During AFP’s visit to her tent in the Khanke displacement camp in northwestern Iraq, Lama appeared engrossed in a mobile shooting game with her cousins Fadi and Karam, freed from Daesh around the same time.
Like the boys, Lama dressed in black and kept her hair short. The trio spoke Arabic to one another, switching to Kurdish when addressing her mother.
“They’re still brainwashed. When they’re bored, they start talking about how they wish they were back with Daesh (IS),” said Nisrin, saying no psychologist had visited them.
Virtually every generation coming of age in Iraq has been seared by conflict, presenting an “unprecedented” challenge, said Laila Ali of the UN children’s agency.
UNICEF does not know exactly how many children Daesh recruited, how many returned or where they live.
It estimates that 1,324 children in total were abducted by armed actors in Iraq between January 2014 and December 2017, when Baghdad declared Daesh defeated, but expects the real number is higher.
Of those freed over recent years, dozens live in orphanages or shelters in Baghdad, the former Daesh stronghold Mosul, and the Yazidi regions of Sheikhan and Sinjar.
Others accused of Daesh affiliation are in detention, with some access to psychosocial support in the form of religious re-education.
But the vast majority are growing up untracked and untreated in Iraq’s camps, which host some 800,000 children.
“There are no child psychologists in Dohuk,” said Nagham Hasan, a Yazidi gynecologist who has become an informal therapist for survivors amid the lack of resources.
The rolling hills of Dohuk are dotted with camps hosting hundreds of thousands of Iraqis displaced by Daesh, particularly from the Yazidi heartland of Sinjar further south.
Displaced families rely on aid groups for food and medical care, and there are even schools in the camps for children. But targeted psychological support for minors is hard to come by.
Hasan said a dozen groups were implementing generic psychosocial programs in camps with few results.
Yazidi cleric Baba Shawish demanded international agencies ramp up services.
“These organizations claim to provide mental support, but do you really think someone who spent five years under Daesh will be cured in five minutes?” he said.
“They need days and months to be rehabilitated.”
Forced recruits will need tailored treatments based on age, said Mia Bloom, a US-based academic studying child soldiers.
Abducted infants may be more easily rehabilitated as they have fewer memories of life under Daesh, while those taken as teenagers “have pre-conflict memories and can go back to their happy childhoods,” she told AFP.
But those recruited during formative years, like Lama and Fadi, were taught to despise minorities and may lack any positive recollections of their hometowns.
“They need to have their religious identities recharged,” said Bloom.
That will require some heavy lifting from the communities themselves, still terrorized by Daesh and often treating rescued children as jihadists-in-wait.
To counter that assumption, UNICEF hosts workshops with religious and tribal leaders to reiterate that the children are, first and foremost, victims of Daesh.
“One of the biggest challenges in rehabilitation and reintegration of children with perceived affiliations is not so much the children’s experiences, but the negative perception from the adults around them,” said Ali.
Five years after Daesh’s rampage across a third of the country, minorities are mostly facing the demons haunting their young ones alone.
Nisrin, herself held by Daesh for two years, said she was self-medicating to cope with her anxiety.
“We’re in this tent together day and night,” she said.
“If they were taken out for a few hours per day, I could rest and they could learn something.”

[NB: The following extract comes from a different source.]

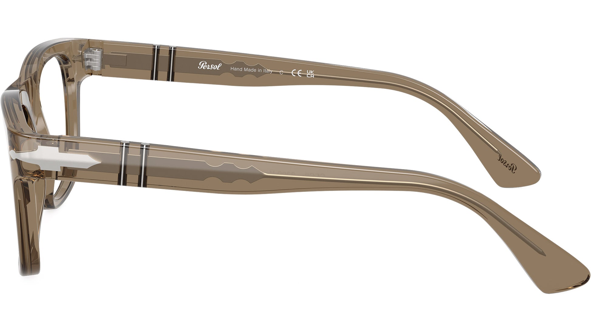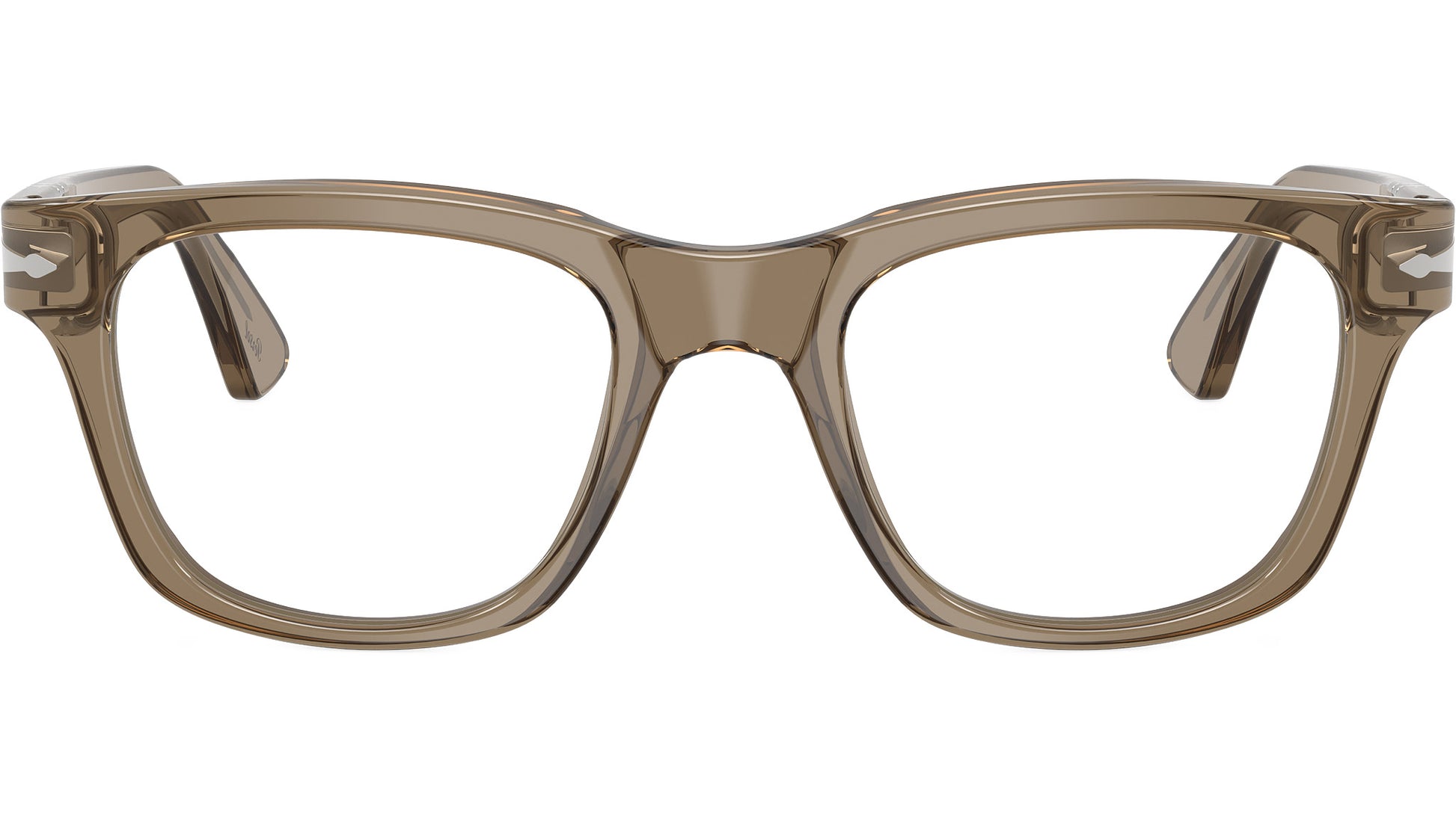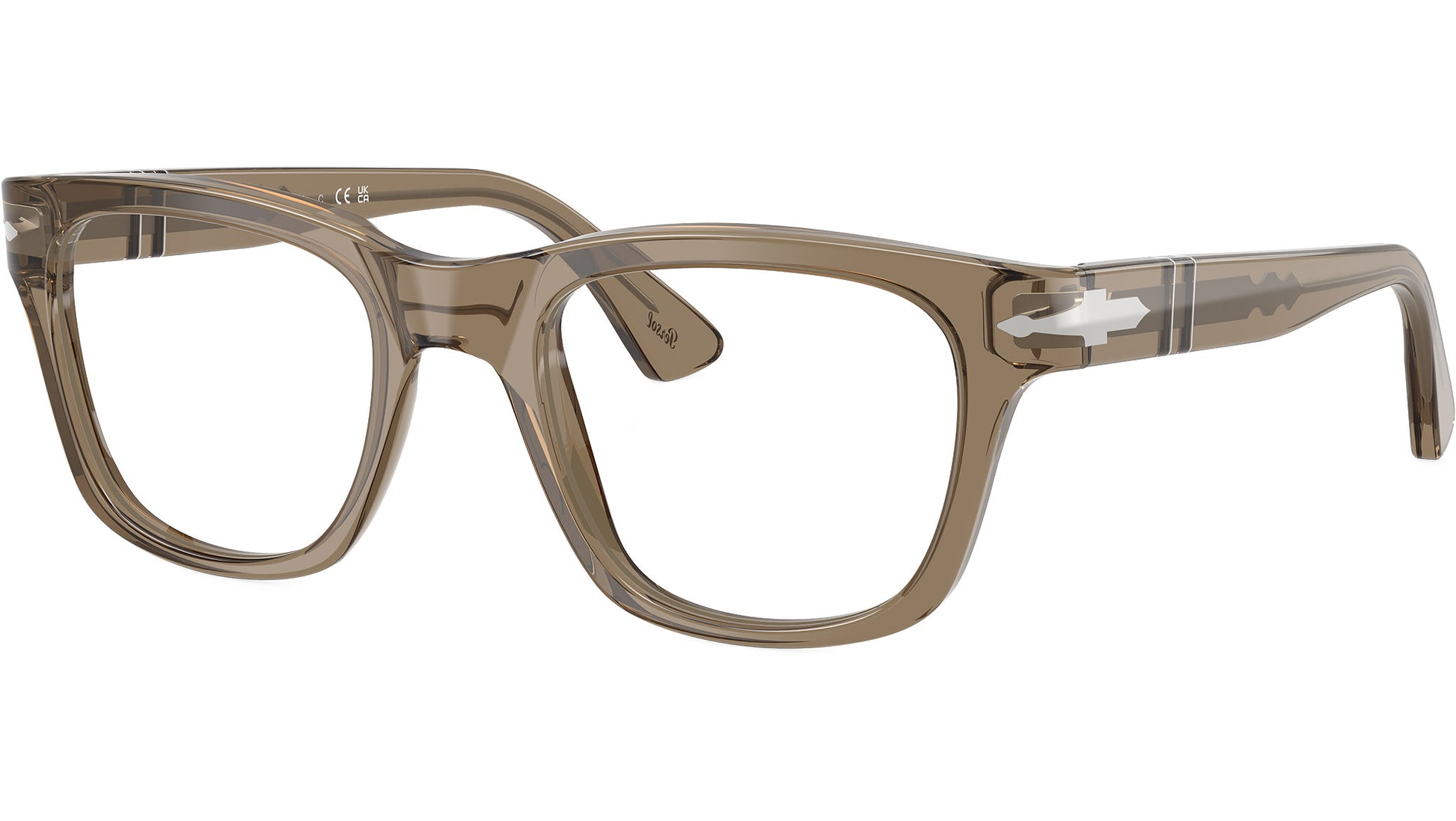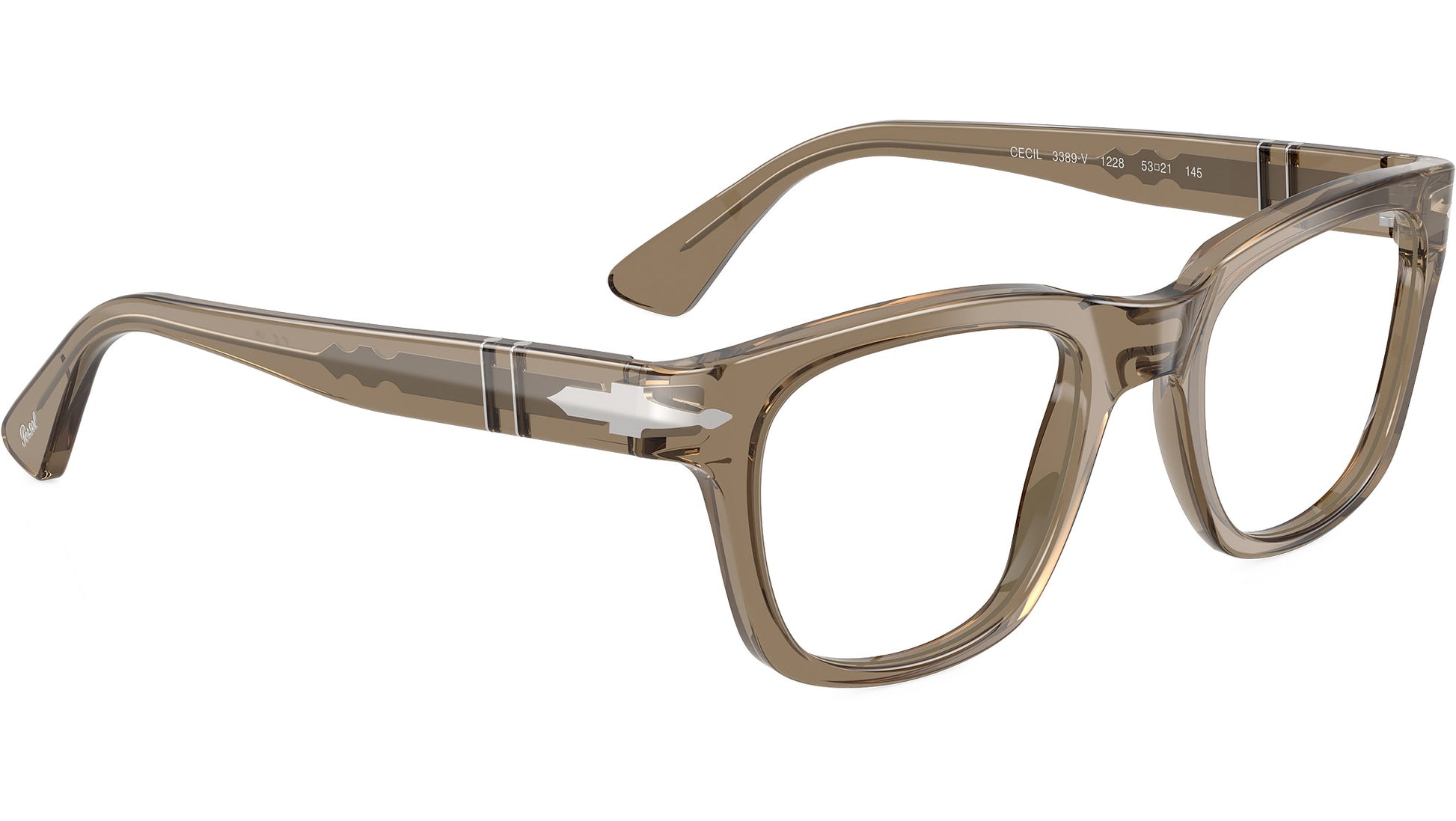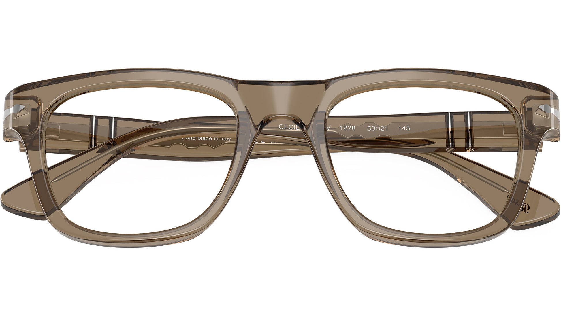 Persol glasses for men and woman model PO3389V 1228 featuring transparent brown acetate frame and demo lenses. High bridge fit. Frame line: Icona Officina. Brand code: 0PO3389V. Color code: 1228. Authorised Persol Eyewear Online Reseller. Your glasses will come including the original case and accessories and will be covered by 12 month global warranty.

Alexandra Najjar: The face of Beirut’s man-made tragedy 

Updated 42 min 45 sec ago

Alexandra Najjar: The face of Beirut’s man-made tragedy 

  • Death of three-year-old from injuries caused by August 4 explosions has brought grieving nation together
  • Outpouring of online tributes to Alexandra testified to the despair and anguish of Lebanese across the world

LONDON: In an ideal world, Alexandra Najjar should have been able to enjoy the rest of a pleasant Mediterranean summer with her family. Once the coronavirus outbreak in Lebanon had been tamed, she should have been able to experience her first day of school.

She would have made many new friends and begun to absorb all the knowledge that a three-year-old is capable of when they first enter kindergarten.

And as the days turned into weeks, which turned into months, which turned into years, Alexandra’s parents would have watched her grow into a young girl, enjoy life, dream big and perhaps achieve greatness in some field.

Alas, in the harsh real world of a crisis-wracked Lebanon, the dreams of Alexandra’s parents will remain just that.

Some 2,750 tons of ammonium nitrate haphazardly stored in a warehouse at the Port of Beirut exploded as Alexandra was playing with a friend on the evening of August 4, leaving her severely injured.

Shockwaves from that blast devastated Beirut, leaving its streets blanketed in debris and shards of glass — and many of its residents caked in grey dust and crimson-red blood.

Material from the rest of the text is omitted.